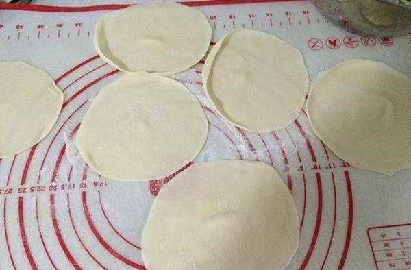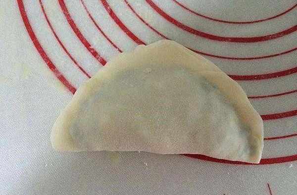 8、面片搟好後,把調好的餡放入面片上,包的時候別忘記餡裡面要加鹽,包成自己喜歡的形狀。
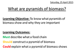 Pyramids of biomass | Teaching Resources Worksheet for the lesson is the last slide Lesson for pyramids of biomass: - starter: cryptogram - card sort for key words - literacy correction activity - directions for constructing a pyramid of biomass - labelled diagram of where a horse uses and takes in biomass - plenary: cloze activity Linked very closely to aqa b1 5.1/5.2.
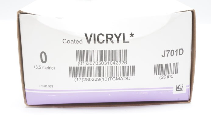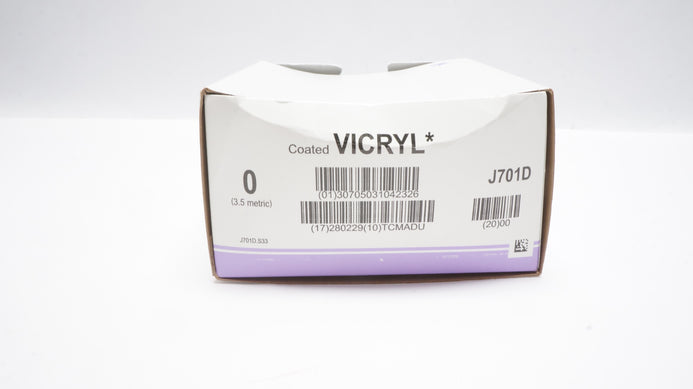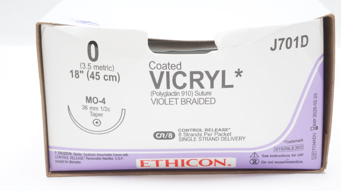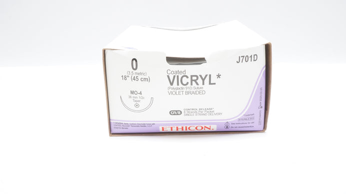 - Ethicon J701D 0 Coated VICRYL Stre MO-4 36mm 1/2c Taper, 18inch - Box of 12

### WORK TASK
All of the listing is to be written out exactly, with the pictures left out.

### REPLY
 8、面片搟好後,把調好的餡放入面片上,包的時候別忘記餡裡面要加鹽,包成自己喜歡的形狀。
 Pyramids of biomass | Teaching Resources Worksheet for the lesson is the last slide Lesson for pyramids of biomass: - starter: cryptogram - card sort for key words - literacy correction activity - directions for constructing a pyramid of biomass - labelled diagram of where a horse uses and takes in biomass - plenary: cloze activity Linked very closely to aqa b1 5.1/5.2.
 - Ethicon J701D 0 Coated VICRYL Stre MO-4 36mm 1/2c Taper, 18inch - Box of 12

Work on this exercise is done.